Fully inclusive playground opens to everyone in Scottsdale

A playground built for all children opened Wednesday at Chaparral Park in Scottsdale, and it has some pretty unique features.

All 37 playgrounds in the city meet accessibility guidelines set by the Americans with Disabilities Act (ADA), but it may not always guarantee inclusion, often times leaving out children with disabilities.

So, the city decided to make some changes to the community.

"It always is nice when we're talking about parks and recreations for the 13th happiest city in the country," said Scottsdale Mayor Jim Lane. "I mean these are big components."

Lane spoke during the ribbon-cutting ceremony at Chaparral Park.

"Making and designing a playground that is accessible and workable for everybody was the ultimate goal, and I think we've achieved that," said Lane.

Parks and Recreation Manager Brett Jackson is proud of what he and his team were able to accomplish.
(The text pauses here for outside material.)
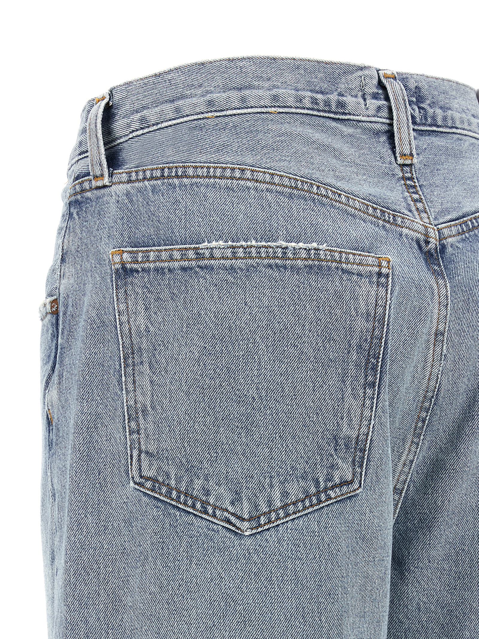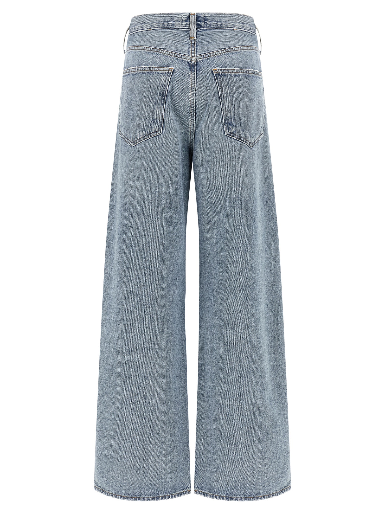 ‘Low Curve’ vintage marbled light indigo denim jeans with discoloration and whiskering, mid waist, slightly tapered wide leg, zip and front button closure, five pockets.

He said the playground is special for many reasons.

"It is the first in Arizona to be a national demonstration site," said Jackson. "I guess it's kind of an example of what the best practices are in the industry when it comes to inclusiveness, and son we are really proud to carry that banner and say Scottsdale was the first."

The playground equipment is designed for people of all ages and abilities.

"We have a couple of spinning type of pieces of equipment, where those with cognitive disabilities kind of enjoy the sensation," said Jackson. "We have a couple of swings that a little bit more supportive than your normal infant swing or belt swing."

There are also ramps and platforms that are wider, which will make it easier for those in wheelchairs.

For one mother, the playground is a great addition to the community.

"The fact that it's ADA accessible, and if there are kids here with special needs taking advantage of it," said Christie Erickson-Davis. "I think it's fantastic for my kids, for all kids, because it's great for them to interact with each other."

The playground is not only for those with disabilities. There are challenging equipment for able-bodied children, allowing everyone to participate together.